Here I am distracting myself once again from my TMA! (I hate logframes!)

this is a really interesting blog and resonates with the inquiries I have had the opportunity to first support and now rather scarily lead on!  I like you, being an E, and probably having a bit of J in me, find it hard to step back and purely listen.  I think it is inevitable that you come with a Little bit of your perspectives with you and to some extent the emergence of the unexpected is almost the exciting bit. 

 I also understand your questionin as to why you pick up on certain bits, and how they have the potential to extend the remit of the work.  That is the power of emergence.  I think the difficulty with this is in a situation where you are sponsored to do the work that

  • you may be the only one who has heard it (because possibly you were the only one there)
  • if you think it important you have to effectively 'sell' its importance to the 'sponsor' to justify any change.

To some extent I try to deal with this by conducting interviews with two people present. (in my latest review of local informal networks which older people engage in, that help them stay independent, I asked the sponsor and they have  provided me with a small project team of social workers and managers, who I am engaging in the interviews - this also supports the learning goal)  The two people there also helps with those drifting moments!
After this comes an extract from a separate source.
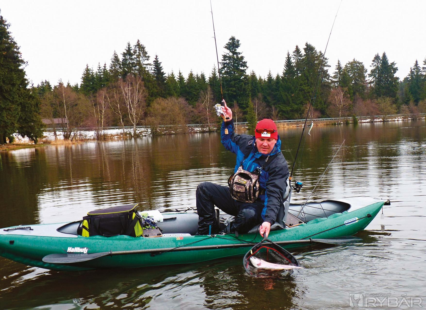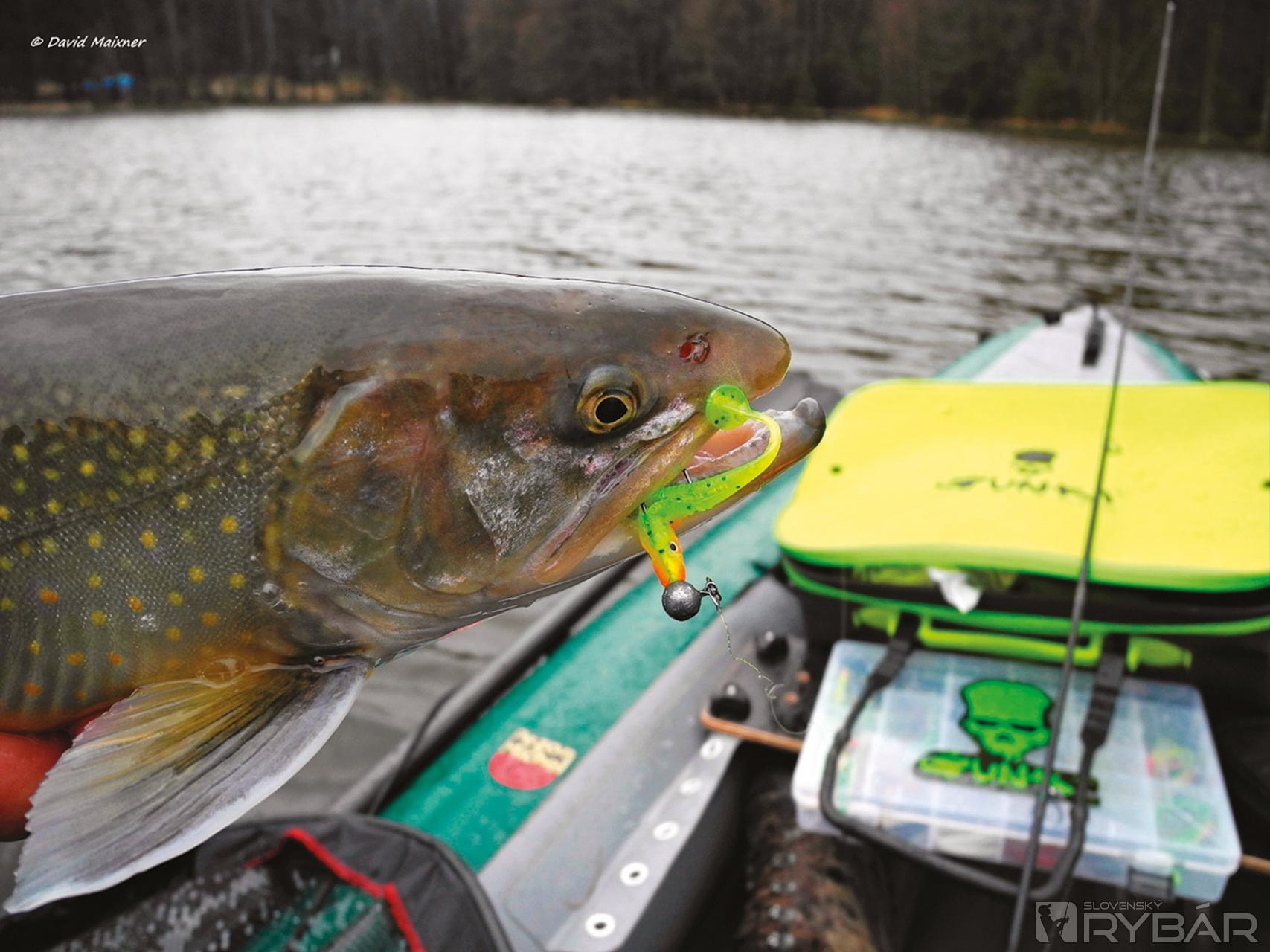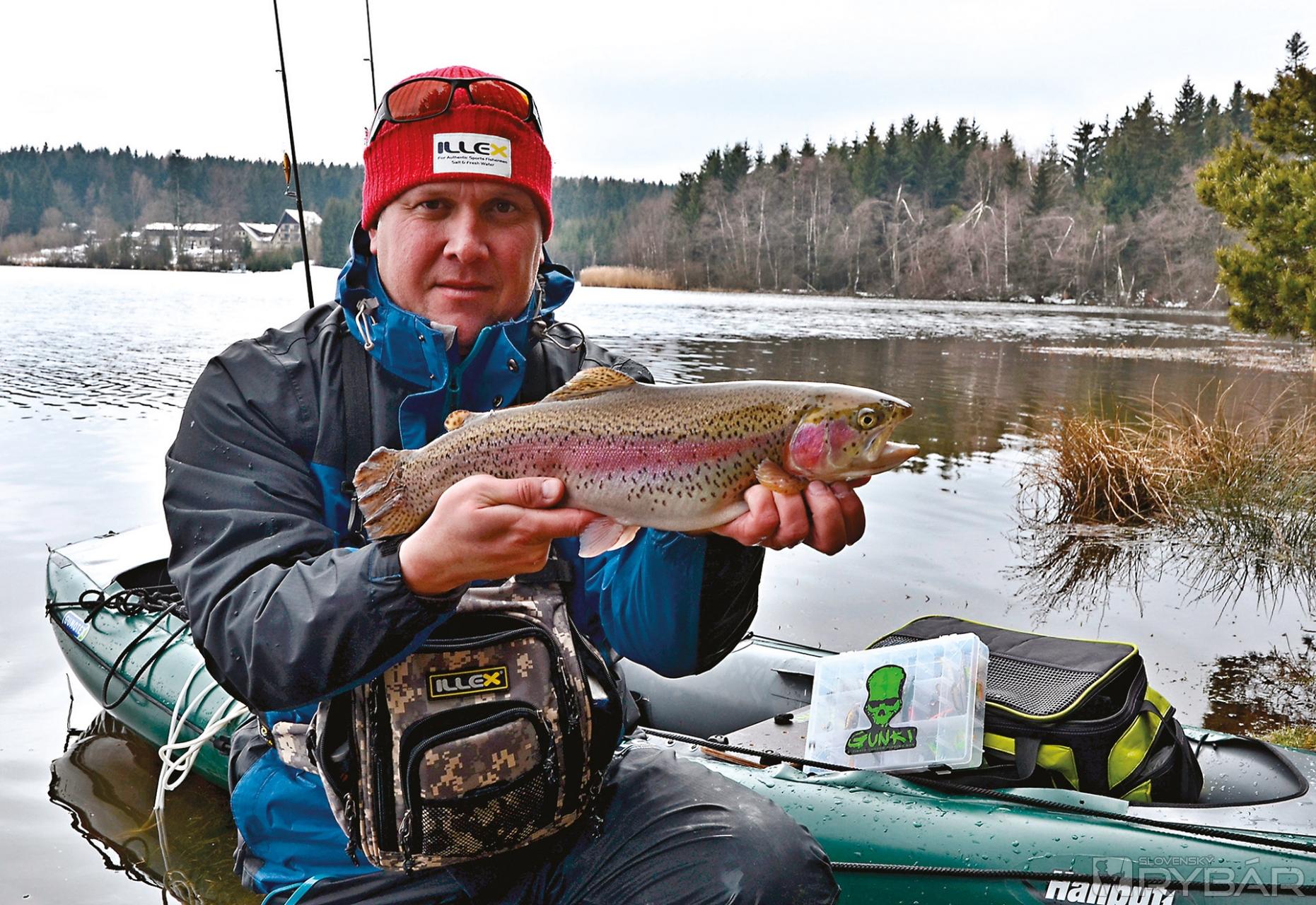 Na sklonku roka som sa posadil do nafukovacieho kajaku a začal brázdiť pstruhové jazerá a učil sa úplne iným zvyklostiam a pravidlám, než som poznal z boatu alebo loďky. Moje nadšenie bolo také veľké, že som sa prakticky nemohol dočkať, keď sa na jar jazerá roztopia a ja konečne vyplávam. Samozrejme, že som sa dočkal. A už vopred musím povedať, že celá jar bola famózna, plná krásnych a veľkých rýb, a hlavne nových poznatkov, ktoré sa mi hodia aj pri bežnom love. Aké lokality sú vhodné a ako hľadať miesta pre najlepší lov? Tak v prvom rade tu musí byť povolený lov z vody. Čo našťastie komerčné vody umožňujú. Určite sú lepšie väčšie vodné plochy, kde je na vode pokoj a nedochádza ku kontaktu s rybármi, ktorí lovia z brehu. Ak je nádrž s premenlivou hĺbkou a nie úplne plytká, tak nám umožňuje lov v podstatne dlhšom časovom období roka. To znamená, že s postupne otepľujúcu sa vodou dokážeme ryby hľadať v hlbšej a chladnejšej vode a ich aktivita je veľká už aj v teplom júni. Miesta na lov väčšinou skúsený rybár spozná. Avšak na novej lokalite je nutný aspoň malý prieskum nádrže. S kajakom sa nechávam unášať bez zakotvenia a praktickým lovom hĺbku dokážem slušne odhadnúť a rovnako tak aj prípadné terénne zlomy dna. Pochopiteľne, môžem si ľahko pomôcť aj sonarom. Priznám sa, že pri love pstruhov ho však príliš nepoužívam. Navyše po zakotvení sa väčšinou presvedčím o skutočnej hĺbke v danom mieste.

What we then tend to look for, and this is something I learned through the initial work I was engaged in with Patrick Hoverstadt, patterns of common or similar statements.  The more people who say them, the more likely that there is something more there.  I would like to say a sort of 'shared truth'.  Somehow it becomes harder to hide when a number of people say it or see it!

I know the dual interviews is probably impracticable for this piece of research, and I think that sending the transcripts to the interviewees is a way around this.  We always share the key issues we have identified with them, and ask if these are accurate reflections or if they think we have missed anything.

Anyway, back to TMA2, I emailed Helen earlier and said can't wait to get to the last section on the 'critique'!